Morehouse ’00 pointing for London Olympics

Fencing champ has advice for today's students

Tim Morehouse '00

At the ripe age of 33, Tim Morehouse ‘00 — Brandeis University’s first and only Olympian — has come to terms that his fencing career may soon be behind him. It hasn’t slowed him down from competing for a spot in the 2012 London summer Olympics in men’s saber.

Last week, the U.S. National Team members took the gold in the men’s saber team event and Morehouse won the silver medal in the individual event at the Pam Am games in Guadalajara, Mexico. These are what Morehouse describes as a mini Olympic games, which includes North, South and Central America. This capped a season in which Morehouse secured his second individual US National Championship and finished as the number one ranked men’s saber fencer in the country for the third year in a row.

“You have to be number one in your zone — you’re competing against people in your part of the world to make the Olympic spots,” says Morehouse. “A lot of athletes who will be in the London Olympics were here competing in Mexico.”

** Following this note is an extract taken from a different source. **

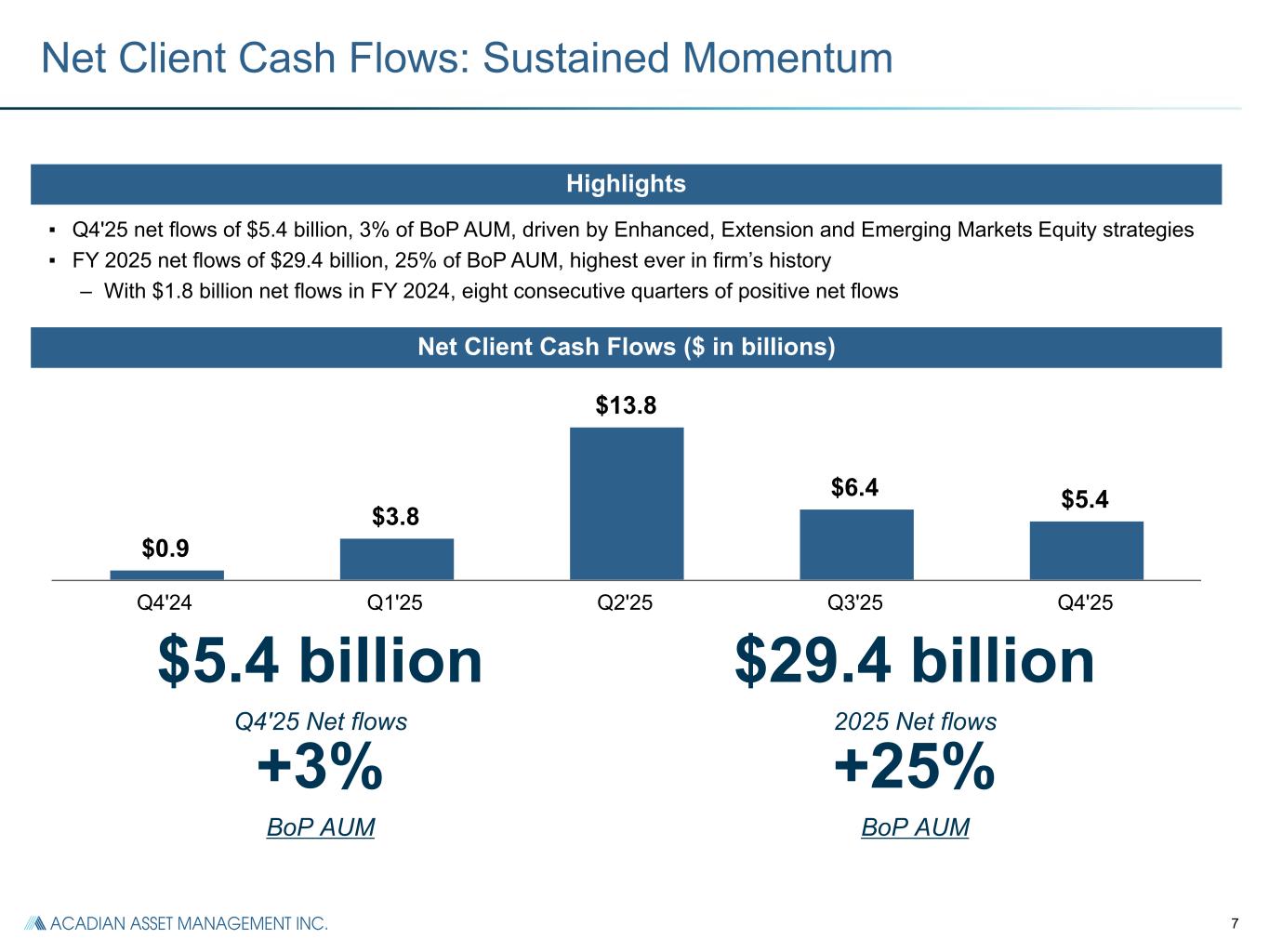 7 $0.9 $3.8 $13.8 $6.4 $5.4 Q4'24 Q1'25 Q2'25 Q3'25 Q4'25 Net Client Cash Flows: Sustained Momentum ▪ Q4'25 net flows of $5.4 billion, 3% of BoP AUM, driven by Enhanced, Extension and Emerging Markets Equity strategies ▪ FY 2025 net flows of $29.4 billion, 25% of BoP AUM, highest ever in firm’s history – With $1.8 billion net flows in FY 2024, eight consecutive quarters of positive net flows Highlights Net Client Cash Flows ($ in billions) $5.4 billion Q4'25 Net flows +3% BoP AUM $29.4 billion 2025 Net flows +25% BoP AUM

That included athletes involved in over 40 sports, with grounds set up in a similar fashion to the Olympics, complete with an athlete village and the entire city geared around the competition. This was Morehouse’s first Pan American games; he was invited to compete in 2007, but had to decline due to an Olympic qualifying tournament, which was being held around the same time.

Morehouse says that he and his teammates have spent the past four to five months preparing to qualify the maximum number of spots for men’s saber at the Olympics. Between January and March, they will take part in competitions to secure their positions on the Olympic team, with competitions taking place in Kansas City, Missouri; Portland, Oregon; Moscow, Budapest, Bulgaria and Italy.

If all goes according to plan, this will be Morehouse’s third Olympic competition. He attended Athens in 2004 and the Beijing Olympics in 2008, where he brought home a silver meda in men’s saber.

“After we won our silver in Beijing I saw that there was an opportunity to really grow the sport of fencing and to do something special that hadn’t before been done,” says Morehouse. “For the last three and a half years I’ve produced events like the Fencing Master Tournament last year in NYC, which was the largest spectator attended fencing tournament in the United States since the 1940’s.”

Morehouse has also started a foundation called Fencing-In-The Schools, a non-profit that will bring the sport of fencing to underprivileged locations; wrote a book, which will be out in April of 2012 and taught President Obama how to fence.

“I wasn’t really a highly recruited fencer coming out of high school,” Morehouse says. “It wasn’t until I was on campus that I started to realize my potential.”

Brandeis Coach William Shipman agrees.

“He was a good high school fencer but he wasn’t national level,” says Shipman, who is now in his 31st year with the Judges.

“During his senior year in the NCAAs, he fenced 23 bouts during a round robin and was 21 and 2,” says Shipman. “That was a spectacular performance. After that I realized that he could fence almost anyone in the country.”

Shipman says that Morehouse was very much a leader, always out front cheering for his team, taking, the lead and trying to do the right thing by his teammates.

“His enthusiasm bubbled over at times, but was infectious,” says Shipman.

The Brandeis fencing team is one of the most successful athletic teams on campus.
“For a division 3 school, Brandeis has done tremendously well, finishing in the top 10 amongst rosters filled with scholarship athletes,” says Morehouse. “The team does a really great job of holding their own with everyone in the country.”

Advice for current Brandeis fencers?

“A big part of my making the Olympics, which was really a long shot since Brandeis has never had an Olympian, was that I was willing to put everything that I had into it,” says Morehouse. “Set a goal and find the plan that’s going to match how much work you’ll need to put in to get there. If you’re really passionate about something, it’s surprising how far you can get.”